A month ago, I went to their office to request for an authentication of my Board Rating, Board Certificate and Professional License, DFA authentication to be specific. Since I'm living in Davao City and all DFA (Department of Foreign Affairs) Authentication happens in their main office in Manila, they had this courier system that would let you receive your authenticated documents (red ribbon) right at your doorstep. Of course there would be an extra pay for it and the processing period lasts weeks. That's why I had it processed one month before the deadline that I set for myself.

Unfortunately, during that time, my renewed license didn't arrive yet (like duh! it takes 3-4months before it would be available). Instead, I only requested for a certification that my renewal is still on process. When I approached Window 2 and talked to their personnel, she told me that my CERTIFICATE OF RENEWAL UNDER PROCESS can't be "Red Ribboned" because DFA would only authenticate the license or the card per se. Well, if she says so, then I believe her. So she only processed my Board Rating and Board Certificate for "Red Ribbon". Thinking that I might be needing a certified true copy of my CERTIFICATE OF RENEWAL UNDER PROCESS, I requested for it on the same day. 

Then I went to the courier company and paid for my documents. I waited for weeks until I received a call from them that I have some parcel to pick up from their office. The parcel came from DFA. Curious and doubtful, I opened it and found out that it is a "Red Ribboned" CERTIFICATE OF RENEWAL UNDER PROCESS. How come? I thought it isn't possible. There's must be something wrong happened. Then I asked the courier personnel if there are still documents coming for me as I also requested for my BOARD RATING and BOARD Certificate. Sad to say, she said NONE! Hwhat???! How could it be? I presented to them my receipt and it stated there clearly that 2 documents were processed and how come only one came and the wrong one too. She advised me to go the government office where I processed everything and check what happened.

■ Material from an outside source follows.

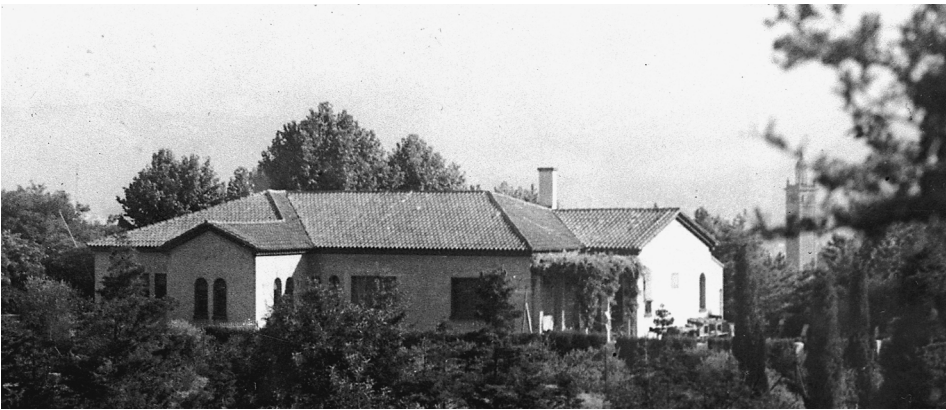
Edifici de l'Exposició Internacional del 1929, que fou la seu de l'Institut Botànic entre el 1940 i el 2003

So I went there. Then I remembered that I had my CERTIFICATE OF RENEWAL UNDER PROCESS certified as true copy the last time I went there. I looked for my claim stub and got it from the claim section. When it was handed over, I almost freaked out upon seeing the documents. It isn't the CERTIFICATE OF RENEWAL UNDER PROCESS but the BOARD RATING and BOARD CERTIFICATE. Now it's as clear as the fresh water of Davao City. Their office passed the wrong document to the DFA and authenticated the wrong one! The lady on Window 2 even accused me of passing the wrong document. How dare her?! How will I be able to pass anything to the DFA wherein fact I only got claim stubs. It is clearly their fault and what happened is purely negligence. Then she told me to send AGAIN the documents to the DFA through the courier. Hey hey hey! Would that mean I would be paying again? That's unfair! Why would I pay for someone else's fault. I didn't agree to what she suggested. I told her that I want them to pay for the courier fees. It's their fault after all. They should have checked, re-checked and verified everything before they sent it. 

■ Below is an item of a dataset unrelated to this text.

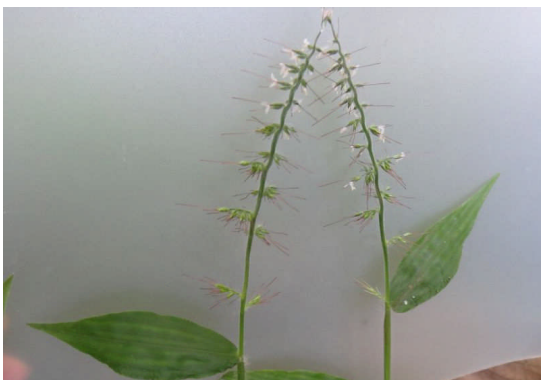
チヂミザサ 笹のような葉の縁が波打ち、長い芒のある小穂が互生する。

Actually, they didn't only waste my money but my precious time above all. Reprocessing the entire thing would take several weeks and those documents are very essential for my upcoming job. They could have ruined my precious career.

Good thing I was able to keep all my receipts and second copies. It pays to have evidences. That's all! Thank you for reading. 

PS: If it happens to you, don't just listen to them like children. Fight for your right.